Holmes v. Gravenhorst

238 A.D. 313, 263 N.Y.S. 738, 1933 N.Y. App. Div. LEXIS 9495
CourtAppellate Division of the Supreme Court of the State of New York
DecidedApril 26, 1933
StatusPublished
Cited by6 cases

This text of 238 A.D. 313 (Holmes v. Gravenhorst) is published on Counsel Stack Legal Research, covering Appellate Division of the Supreme Court of the State of New York primary law. Counsel Stack provides free access to over 12 million legal documents including statutes, case law, regulations, and constitutions.

Bluebook
Holmes v. Gravenhorst, 238 A.D. 313, 263 N.Y.S. 738, 1933 N.Y. App. Div. LEXIS 9495 (N.Y. Ct. App. 1933).

Opinion

Davis, J.

In this action to foreclose a mortgage a receiver has been appointed by the court. The order contained the usual provision directing the receiver to collect “ rents due and unpaid, or hereafter to become due.” The tenants and “ such other person or persons who may be in possession ” were directed to attorn to the receiver. The receiver then applied at Special Term for an order fixing the reasonable value of the use and occupation of the premises by the mortgagor, still in possession as, we will assume, the sole occupant thereof. The motion, opposed by the owner, was denied. On this appeal the somewhat narrow question is presented as to whether the court was legally authorized to grant the motion. No question of discretion is involved.

The mortgage contained the following covenant: “That the holder of said mortgage, in any action to foreclose it, shall be entitled (without notice and without regard to the adequacy of any security for the debt) to the appointment of a Receiver of the rents and profits of said premises.”

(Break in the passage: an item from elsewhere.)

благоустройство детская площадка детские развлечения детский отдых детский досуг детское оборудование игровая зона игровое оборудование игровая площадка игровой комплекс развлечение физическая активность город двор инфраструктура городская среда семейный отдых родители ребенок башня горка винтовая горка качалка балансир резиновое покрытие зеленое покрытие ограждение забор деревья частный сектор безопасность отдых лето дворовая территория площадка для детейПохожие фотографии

These covenants have been common enough for the past few years. Their effect has been given legal interpretation by statute. (Real Prop. Law, § 254, subd. 10, added by Laws of 1930, chap. 166.)

As will presently be more fully stated, the question of the owner’s liability under such circumstances has not been questioned for many [314]*314years, or until the decision by the Court of Appeals in November, 1932, in Prudence Co. v. 160 W. 73d St. Corp. (260 N. Y. 205). Since then, at different Special Terms, there have been varying interpretations of the language of the opinion in that case, though there can be no doubt concerning the particular question decided. Conflicting and contradictory decisions have resulted. In this case, in denying the motion, the learned "justice at Special Term in his opinion, speaking of the effect of the Prudence case, said: “ The basis for fixing occupational rent is thus swept away.” The respondent makes the same argument here.

We do not so read the opinion in the Prudence case. We leave its interpretation — if any is needed, which we doubt — to the court in which the opinion was written. We stand on the doctrine as it has stood, and in our view still stands, that a court of equity, even if unaided by statute, may appoint a receiver to take possession of the premises in a case involving the foreclosure of a mortgage, to conserve the property against waste, preserve the security, collect rents fixed by contract between tenant and owner, arid fix a fair occupational rent in the absence of an existing agreement thereon. All this for the purposes above stated and to apply the amount left over after the sale to the payment of a deficiency; or to return the whole or any remaining part to the owner as the conditions disclosed at that time established the validity of his claim thereto.

The law concerning mortgages has at different periods undergone certain changes to maintain the fundamental rights of the mortgagor and to give to the mortgagee such remedies as will make the mortgage an effective instrument to secure a debt. We state familiar legal history as a basis of subsequent discussion when we say that originally a mortgage was a grant on condition, becoming absolute on default. (Coke on Littleton, book II, chap. XXVII, § 332, 205a; Black. Comm. book II, chap. 10, p. 158; Barson v. Mulligan, 191 N. Y. 306, 313.) Then in the Court of Chancery was developed the doctrine of the equity of redemption until the mortgage became a security for the payment of a debt or the discharge of some other obligation — the security being redeemable on the payment or discharge of such debt or obligation. (21 Halsbury Laws of England [Mortgages], p. 70.) The legal title remained in the mortgagor, and the mortgagee became a mere lienor with no estate in the land covered by the mortgage and with the right to sue for ejectment taken away by an early statute., (Becker v. McCrea, 193 N. Y. 423, 426; Barson v. Mulligan, supra, p. 315.) Until an action for foreclosure was commenced, the right of the mortgagor to possession remained unchallenged. As a necessary development of these rights [315]*315of the mortgagor, certain correlative rights of the mortgagee followed for the protection of the security and the payment of the debt. He was given, among other things, the remedy of foreclosure and sale. (Editor's Notes, 2 Coke on Littleton, supra [Thomas ed.], p. 33 et seq.)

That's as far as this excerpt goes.